PRINCIPLES OF MEDIATION


Mediation can also be called facilitated negotiation because it involves a third party. The third party is not a judge but just to facilitate the negotiation of the peace process. The facilitator helps them discuss their problems and allow them come up with an agreement or solution which can never be imposed by the mediator/facilitator. It is a win-win approach to conflict resolution. The Mediator has the ability to help parties draft the terms of agreement and this agreement must reflect the needs and aspirations of the parties to the conflict. Mediation is useful only when the parties to the conflict really desire a resolution of the problem, or at least a positive change of the difficult circumstances in which they find themselves. In mediation, there are some basic principles guiding the conduct of both the mediator and the parties involved which are neutrality, impartiality, confidentiality, voluntary, and Empowerment. They are discussed as follows:

Neutrality
This is the quality of indifference or being unengaged in supporting a party. The mediator must also be seen to be neutral to earn the trust of parties to a conflict. Although, it is not necessarily possible that the mediator will be totally neutral given the human nature that is evident such as emotions, feelings and sometimes bias. The big question is how can a mediator act so that he/she does not easily fall into these temptations? It can only be handled based on experience, skills, and professionalism. We must remember the fact that if one party disagrees or all of the parties disagree, then mediation has failed.

Impartiality
It is an outward display of one who is not neutral. Normally, impartiality is based on the knowledge of the parties as regards the parties’ tribe, ethnicity or religion. Mediators tend to be universal or global and can even be likened to a chameleon in terms of adaptability to situations. This is the reason why it is only the matured minds that can carry out mediation. In asymmetric relationship which involves unequal personalities having a conflict case, a mediator should be able to balance this inequality through his competence, skills and knowledge. Sometimes, co-coursing is allowed where the mediator would have to discuss with each party separately and do a lot of counseling before mediation continues.

Confidentiality
It is the core of mediation because the process itself is a trust building process and for the parties to trust the mediator, he/she must demonstrate confidentiality. The question is that is it possible for a mediator to apply a full dose of confidentiality? For example, a case involving a woman; will she not discuss it with her husband? Even among mediators of different cases, they may relate on personal grounds but not discuss the cases they are handling. Doing this distorts the ethics of confidentiality. Here, a mediator must have a big heart to be able to accommodate a lot of issues/keeping secrets.

Voluntariness
There is something about voluntariness that people don’t seem to appreciate. The issue of mediation is a voluntary exercise on the part of both the parties and the mediator.
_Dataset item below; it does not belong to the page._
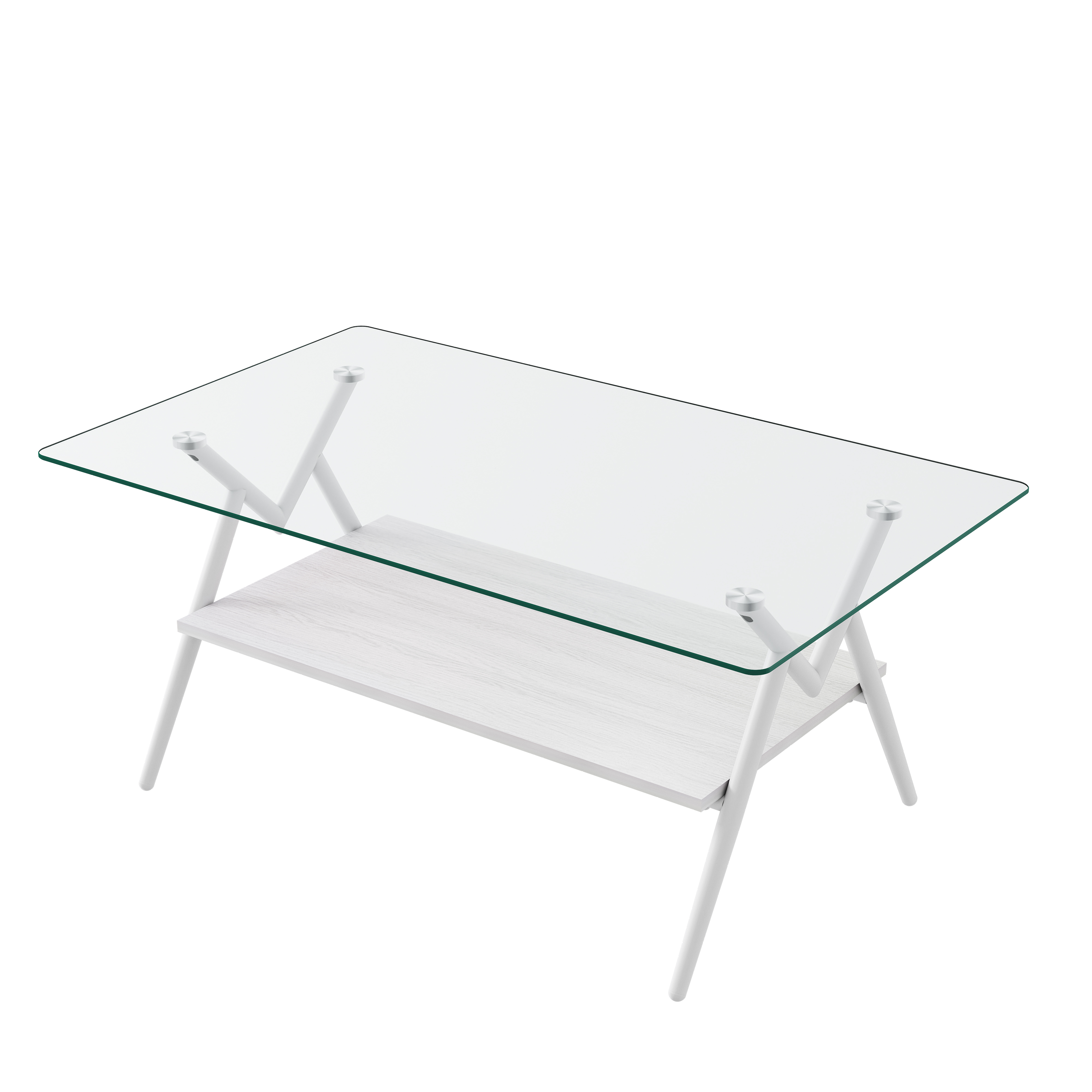 Rectangle Coffee Table With Tempered Glass Top And White Metal Legs, Modern Table For Living...
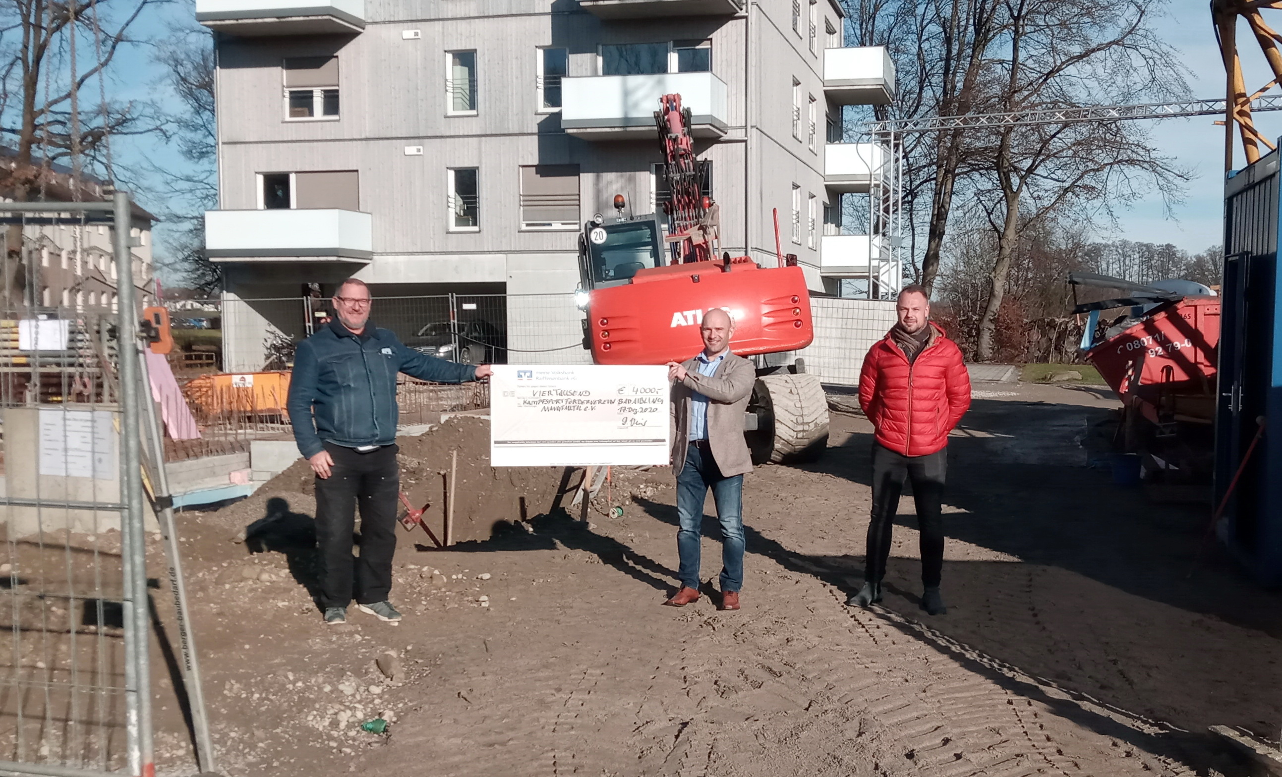 Die Scheckübergabe fand im B&O-Parkgelände in Bad Aibling, auf der Baustelle des Neubaus des Ingenieurbüros Weisser, statt. Der Firmeninhaber überreichte Präsident Benjamin Hauer einen Scheck, den dieser freudig entgegennahm.

Although there are pressures in the mediation process that may produce a lot of heat and yet a voluntary exercise. Endurance and patience is therefore needed. The truth is that mediation helps the mediator to learn more, helps the mediator to build his/her own relationship and help in solving complex cases which makes the voluntary process worthwhile.

Empowerment
This can be done first of all through an opening statement just like an opening speech of a program- it helps to set the agenda for the process and helps parties deal with their problems constructively. It is like kick starting an aircraft which requires a lot of energy, but as soon as it gets to a balanced altitude in the air, less energy is required.

TYPES OF MEDIATORS

Social Network Mediator: It means that a mediator belongs to a network. It is a type of mediation that takes place within the circles of mediators. Also, it consists of individuals who are invited to intervene in a conflict basically because they have a close relationship with the disputants, or largely because they are part of the social network with the disputants. Just like a friend is trusted, the mediator could also be trusted by his social network. A mediator must be peace personified and ready to release the peace virtues to the conflicting parties. Some parties to the mediation process may be actually doing mediation for the first time, so they need empowerment. Co-coursing helps to empower individual party before the mediation process. The empowerment must be interesting, captivating and help assist parties which builds their interest in the mediation process.

Authoritative Mediator: This has to do with the unique position of the mediator e.g. a boss, Secretary General of the UN, President of a nation. Their good offices are used to carry out mediation. The authority of the mediator is recognized by both parties and yet the mediator does not use his/her authority to enforce a binding decision on the parties to the conflict.

Independent Mediator: An independent mediator needs to work hard because the mediator is not known to the parties. Therefore, he/she must first of all build the trust and confidence of the conflicting parties. They are known by their attitude, dispositions, and competence. The truth is that most independent mediators do not have interest in any of the parties concerned and is expected to be neutral and impartial.

A mediator is a catalyst for resolving conflict. There are cultural contexts to mediation. Some cultural contents can assist in mediation and therefore can be used as long as it produces good result. A mediator can be hard or soft. To be hard simply means to be firm and professional. A mediator is not a magician; he only applies a good degree of competence, skills and knowledge.